*DATASET CONTENT*.
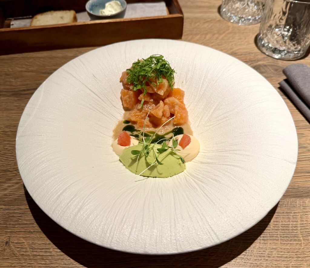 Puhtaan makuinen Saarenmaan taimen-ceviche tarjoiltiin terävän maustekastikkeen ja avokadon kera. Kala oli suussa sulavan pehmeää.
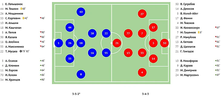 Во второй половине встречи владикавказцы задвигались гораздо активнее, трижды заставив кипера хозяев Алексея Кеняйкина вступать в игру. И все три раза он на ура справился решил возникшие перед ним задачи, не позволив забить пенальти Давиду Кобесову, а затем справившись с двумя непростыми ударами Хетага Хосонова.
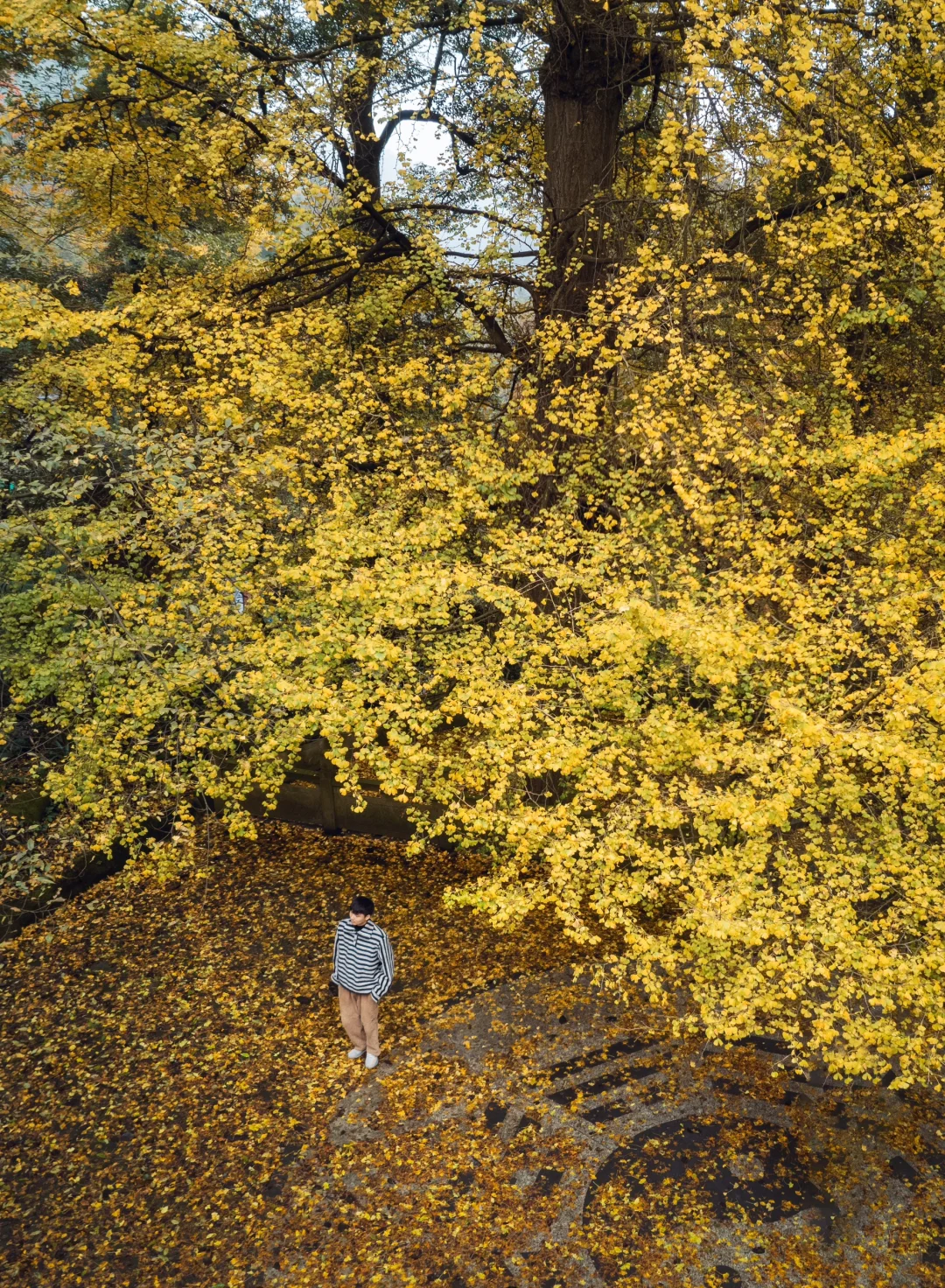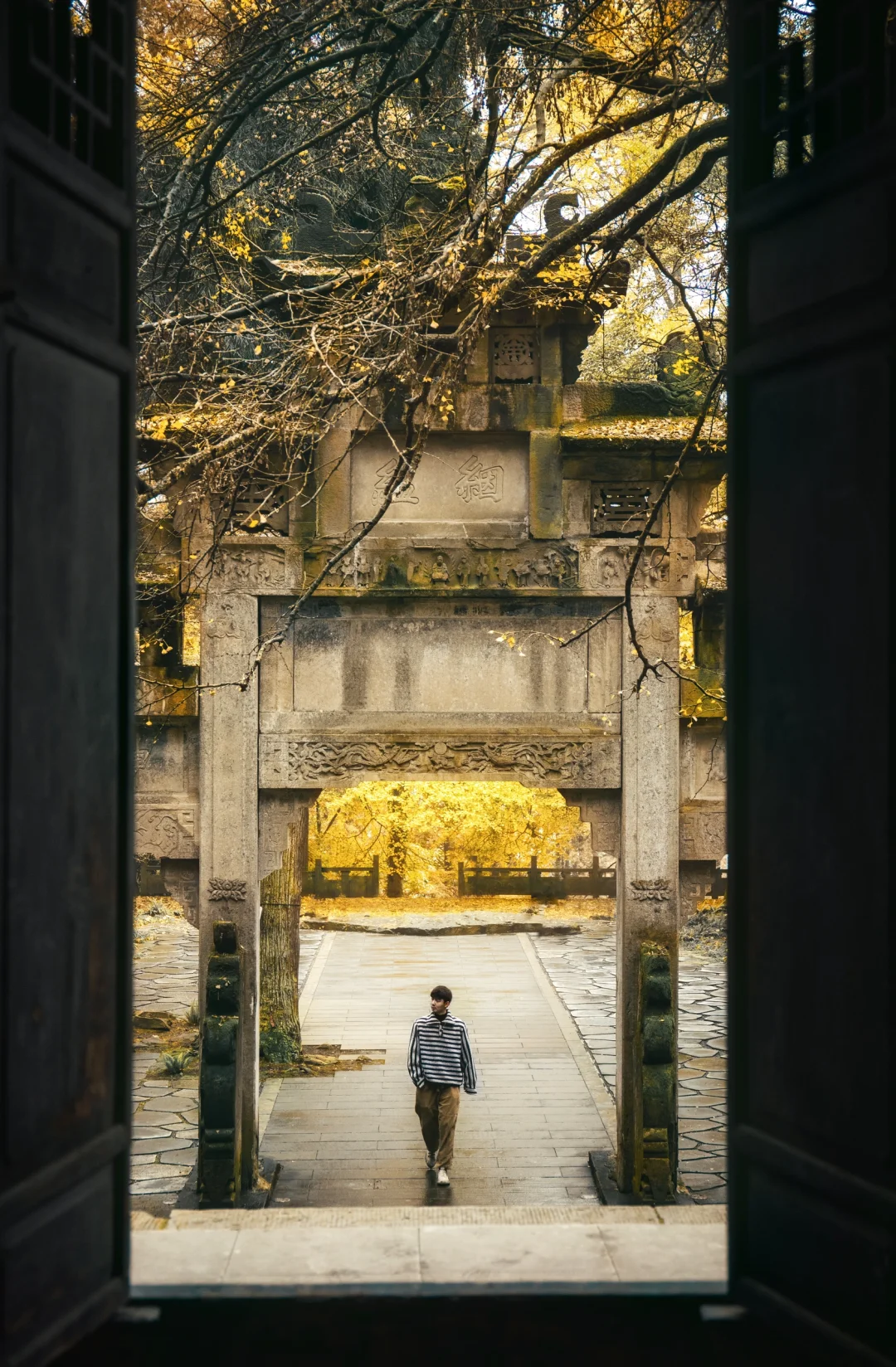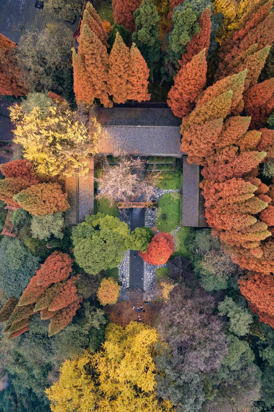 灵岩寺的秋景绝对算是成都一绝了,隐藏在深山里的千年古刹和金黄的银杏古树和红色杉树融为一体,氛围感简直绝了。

*WHAT NEEDS TO BE DONE*.
What you return should be the whole listing, word for word, without its pictures.

*SOLUTION TO THIS PROBLEM*.
 Puhtaan makuinen Saarenmaan taimen-ceviche tarjoiltiin terävän maustekastikkeen ja avokadon kera. Kala oli suussa sulavan pehmeää.
 Во второй половине встречи владикавказцы задвигались гораздо активнее, трижды заставив кипера хозяев Алексея Кеняйкина вступать в игру. И все три раза он на ура справился решил возникшие перед ним задачи, не позволив забить пенальти Давиду Кобесову, а затем справившись с двумя непростыми ударами Хетага Хосонова.
 灵岩寺的秋景绝对算是成都一绝了,隐藏在深山里的千年古刹和金黄的银杏古树和红色杉树融为一体,氛围感简直绝了。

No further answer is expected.